Asked about allegations that some Uyghur families were locked up in their homes during their visit to prevent them from talking, Bachelet said she and her team would take a strong stand on any bullying. and had taken up personal matters with the authorities—including those of the missing family. Members – but could not release details.
Bachelet’s press conference was criticized by some rights groups and activists.
Uighur activist and international human rights lawyer Rehan Asat, whose brother is in prison in Xinjiang, said: “It was really her moment to speak the truth to power and I thought she had fallen so short.”

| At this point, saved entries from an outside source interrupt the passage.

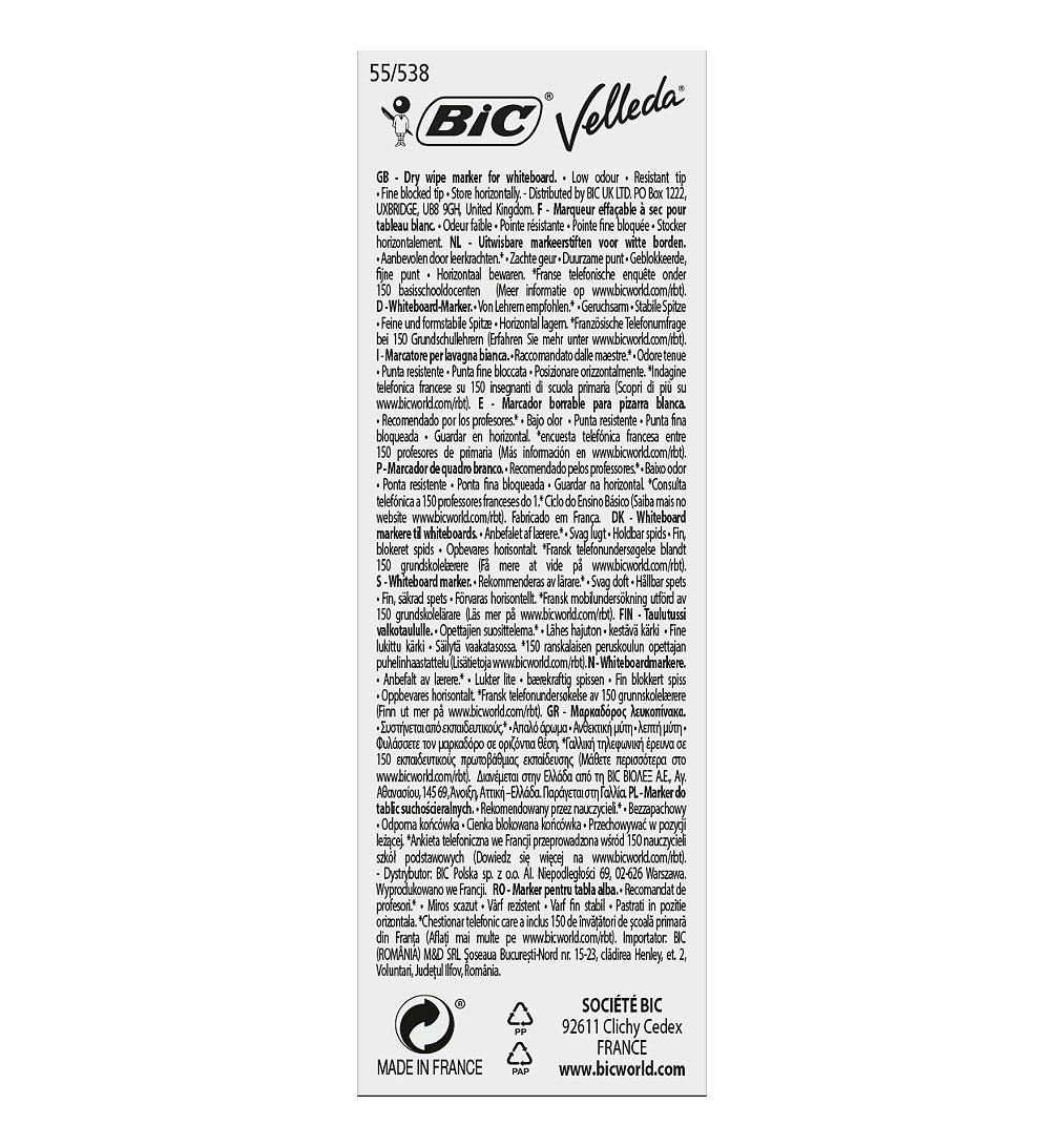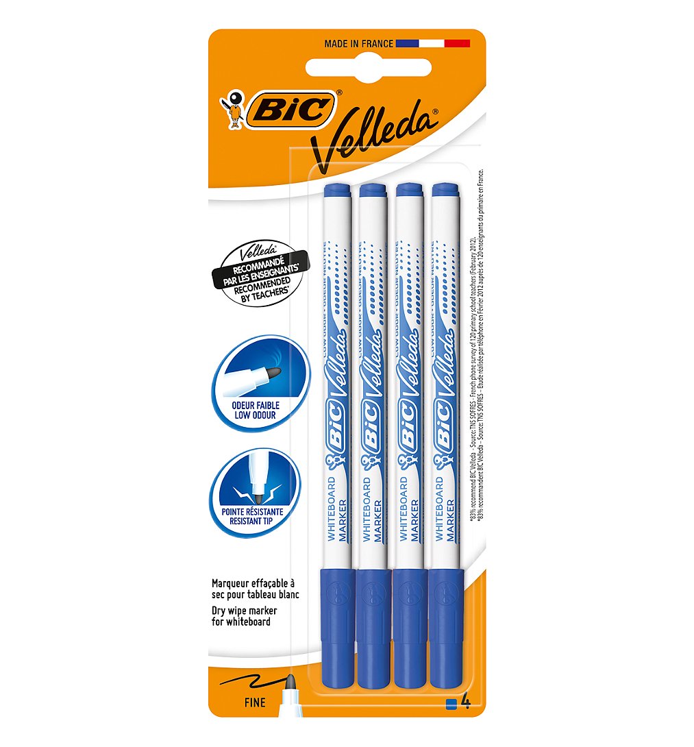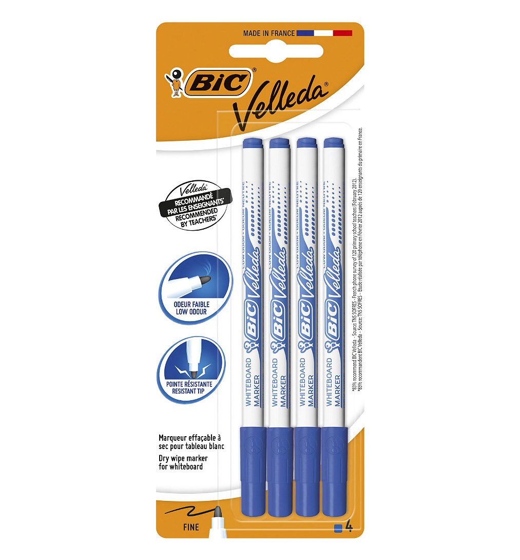 | Libellé | BIC Velleda 1721 Feutres pour Tableau Blanc Effaçables à Sec Pointe Conique Fine - Bleu, Blister de 4 |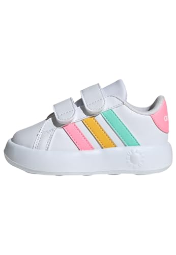 adidas Mixte Enfant Grand Court Court Elastic Lace and Top Strap Shoes, Cloud White/Pulse Mint/Beam Pink, 28 EU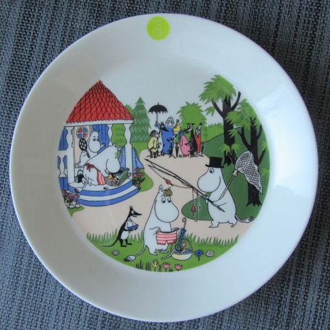Myynnissä kuvissa oleva Muumilautanen teemalla Uusi seikkailu: Muutto. Lautasesta on tarra paikoillaan eli käyttämätön lautanen kyseessä.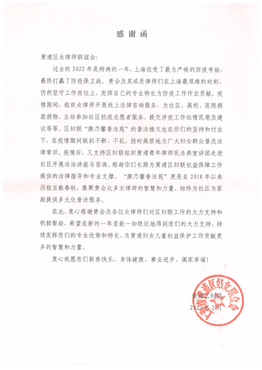 堅決維護婦女兒童權益,堅持公益普法,黃浦區女律師聯誼會將秉持初心,一如既往做出自己的努力,貢獻自己的力量!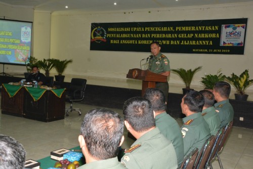 Mataram – Dalam rangka meminimalisir penyalahgunaan narkotika dan oba-obat berbahaya (Narkoba) di lingkungan Prajurit dan PNS, Korem 162/WB tidak tanggung-tanggung menghadirkan Kepala Badan Narkotika Nasional (BNN) Provinsi NTB Brigjen Pol Muhamad Nurochman, S.I.K., untuk memberikan penyuluhan tentang bahaya Narkoba kepada seluruh personel Korem, Kodim 1606/Lobar, Disjan dan Yonif 742/SWY di aula Sudirman Makorem jalan Lingkar Selatan Nomor 162 Mataram, Jumat (21/6).
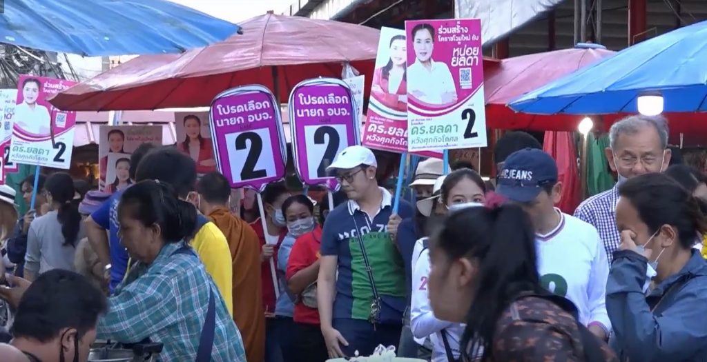 บรรยากาศการลงพื้นที่หาเสียงของผู้สมัคร นายก อบจ.นครราชสีมา นางยลดา หวังศุภกิจโกศล ภรรยาของ นายวีระศักดิ์ หวังศุภกิจโกศล รัฐมนตรีช่วยกระทรวงพาณิชย์ เดินพบปะพ่อค้าแม่ค้าตลาดสดประปา เพื่อแนะนำตัว บรรดาพ่อค้าแม่ค้าในตลาด สะท้อนปัญหาอยากให้ผู้นำองค์กรปกครองท้องถิ่น ช่วยผลักดันเรื่องราคาพืชผัก ผลผลิตการเกษตรให้สูงขึ้น สำหรับภาพรวม โคราชมีผู้สมัคร นายก อบจ. 5 คน และผู้สมัครสมาชิก อบจ. 48 เขตเลือกตั้ง จำนวน 173 คน มีผู้มีสิทธิ์ลงคะแนนกว่า 2 ล้านคน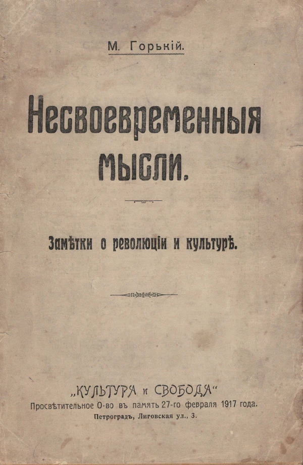 После Февральской революции в социал-демократической газете «Новая жизнь», главным редактором которой был Горький, начинает публиковаться авторская колонка «Несвоевременные мысли». После Октябрьской революции усиливаются расхождения во взглядах большевиков и редакции газеты, усиливается критика советской власти, что разворачивает полемику с «Правдой». Горького обвиняли в том, что он «заговорил языком врагов рабочего класса», и предлагали ему признать, что «многие из „мыслей“, высказывающихся им ранее, были, действительно, „несвоевременными“». Горький продолжил полемику, что привело к закрытию «Новой жизни». После этого общество «Культура и свобода», организованное Горьким, выпустило книгу «Несвоевременные мысли», содержащую 48 перепечатанных из «Новой жизни» статей без указания дат и названий.

“It was a moment we thought was going to change the lives of the Uighurs. The historical significance of this visit, that the UN could be a facilitator to engage with China, modify its behavior and reduce human suffering. That’s why I am very disappointed to hear his statement. It was very little condemnation and very broad conciliatory remarks regarding China’s human rights record,” she said.
Human Rights Watch’s China director Sophie Richardson said the tour and the press conference were “exactly what the Chinese government wanted”.
“It did not challenge them significantly on any facts, it did not commit to an investigation that we consider a crime against humanity. It contained a strange appeal to the Chinese government’s spirit of ‘multilateralism’ … And last but not least it did not provide any information to the victims or the survivors,” Richardson said.
Bachelet’s visit coincided with reporting of a significant leak within the Xinjiang enforcement system. The trove included mugshots of thousands of people detained by the authorities, databases of arrests for crimes including studying scriptures and going abroad, and internal documents showing shoot-to-kill for escape attempts and other measures of enforcement. Provided details of policies.
The office also faced pressure from human rights groups over the long-awaited UN report into Xinjiang abuses, which was expected to end around the new year. In February, it was reported that China had requested the OHCHR not to release it before the Beijing Winter Olympics.
“My visit was not an investigation into China’s human rights policies and practices, so in that sense it is not related to the report,” Bachelet told a reporter.
Richardson called Bachelet to release the report.
“I look forward to reading that report tomorrow. If it is committed to impunity, if it is committed to helping governments achieve the highest standards of human rights, then it must release it now.”